When asked about the theme of supporting student employees, Kim again cited his and Jude’s own experiences in working as undergraduates. “Initially, we started giving because we wanted to have money available for people like Jude when she was in school,” Kim said. “Jude ended up working summers at the library through a student program, and we wanted to make sure that program was available to students in the future.”   
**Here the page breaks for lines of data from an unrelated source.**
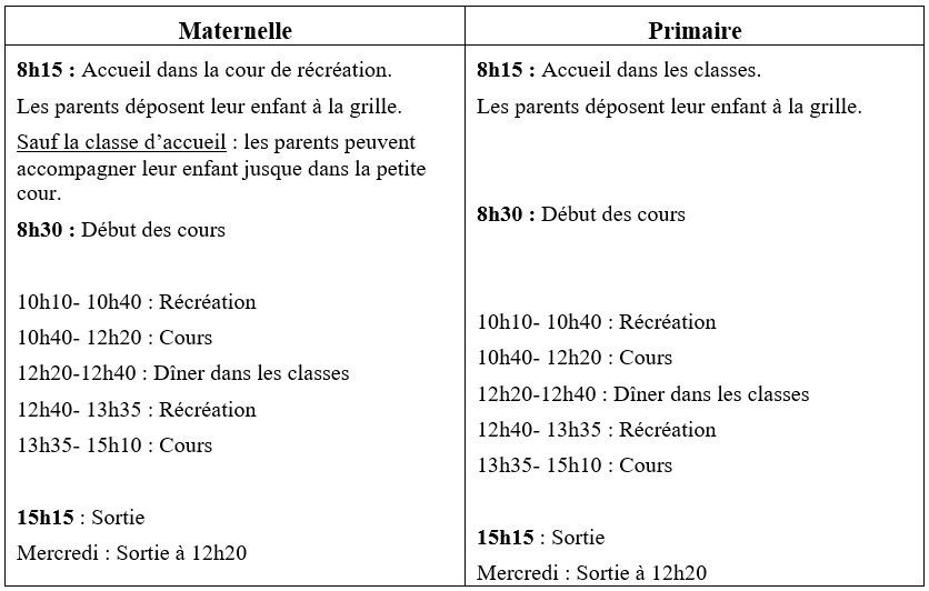 L’école commence à 8h30. Tout retard devra être justifié par un mot d’absence valable que la direction se réserve le droit d’accepter ou non. Des retards répétitifs à ce temps de rassemblement nuiraient au bien être de votre enfant, de sa classe et de son titulaire. Il vous sera demandé de nous indiquer clairement les raisons de votre retard au parlophone. En cas de retards répétés, la direction contactera les parents.
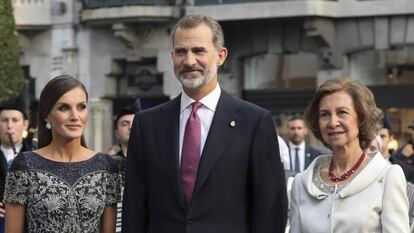 El potente foco mediático de los Premios Princesa de Asturias, considerados los más importantes del mundo después de los Nobel, siempre atrae a las protestas de una diversidad de causas. Desde hace unos años, coincidiendo con el aumento de muestras de desafección a la Corona, las protestas antimonárquicas tratan de exhibir su músculo junto a las de afectados por conflictos laborales, que acuden a las inmediaciones del Teatro Campoamor, donde se celebra la gala . La Marcha de la Dignidad ha centrado en esta edición su energía contra los galardones, “un evento” que “causa repulsa” a este movimiento “porque desde una fundación caduca y corrupta se busca dar prestigio y lavar la imagen a otra institución más caduca y corrupta aún, la Monarquía”.
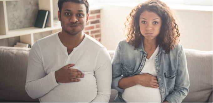 وأظهرت الدراسات أن الشريك الذكر الذي يتعايش مع أنثى حامل سيشهد تحولات هرمونية في مستويات البرولاكتين والكورتيزول والإستراديول والتستوستيرون، والتي تبدأ عادةً في نهاية الأشهر الثلاثة الأولى من الحمل وتستمر حتى عدة أسابيع بعد الولادة.
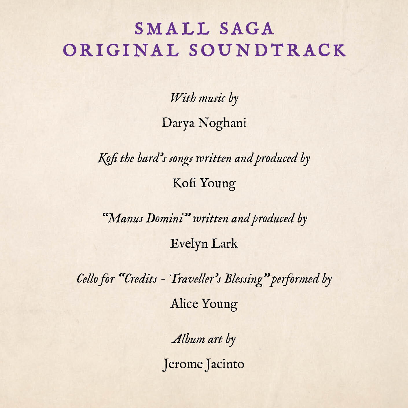 The full soundtrack for Small Saga! This album features 83 tracks of music by Darya Noghani, Kofi Young, and Evelyn Lark in high quality mp3 format.
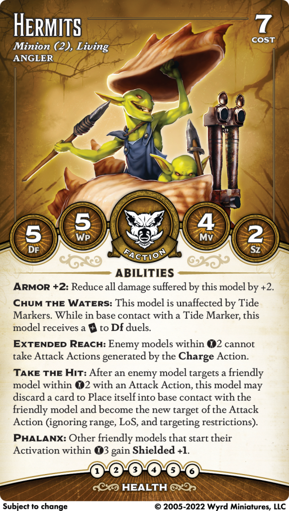 I think Hermits are nasty and are reasonably likely to show up out of keyword. They don't particularly need the Angler keyword for anything, they're the only Take the Hit model in the faction, and they're both Durable and Absorbent (like Brawny™ brand paper towels - the towels for Truly Tough Messes).
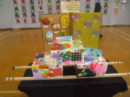 作品展,さくらんぼ学級の展示と聾学校の交流作品です。
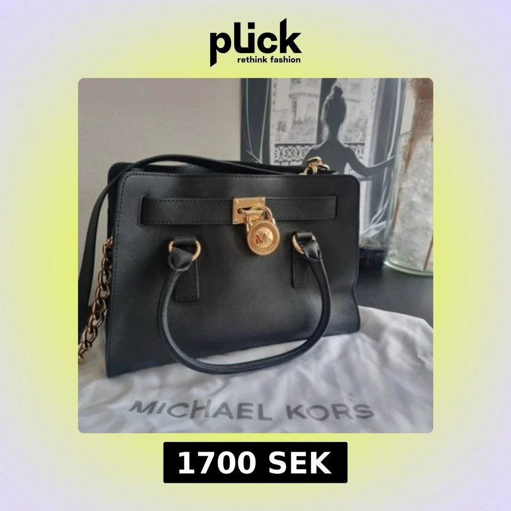 Stilren svart handväska från Michael Kors i skinn med guldfärgade detaljer, kedjerem och klassiskt MK-lås framtill. Väskan har både handtag och axelrem, samt dragkedja på insidan. Perfekt för dig som vill ha en snygg och praktisk väska med lyxig känsla.

Jude also emphasized how much she enjoyed those summers working at the library. She specifically remembers one summer where she spent a lot of time using the Libraries’ bindery to preserve materials, including magazines. She recalled having to reach out to publishers if an issue they were looking to bind happened to be missing from the collection in order to try to get a replacement copy. Coming from the science library, she said, many of the magazines were from all over the world, and often in foreign languages, which meant it was especially difficult to find publisher addresses if you weren’t familiar with their language. Once you did make contact, she explained, it was then left up to the librarian to determine just how much they were willing to pay for a replacement issue.   

“I loved working there,” Jude said. “I loved the people I worked with. And interesting things happen during the summers at Michigan State.”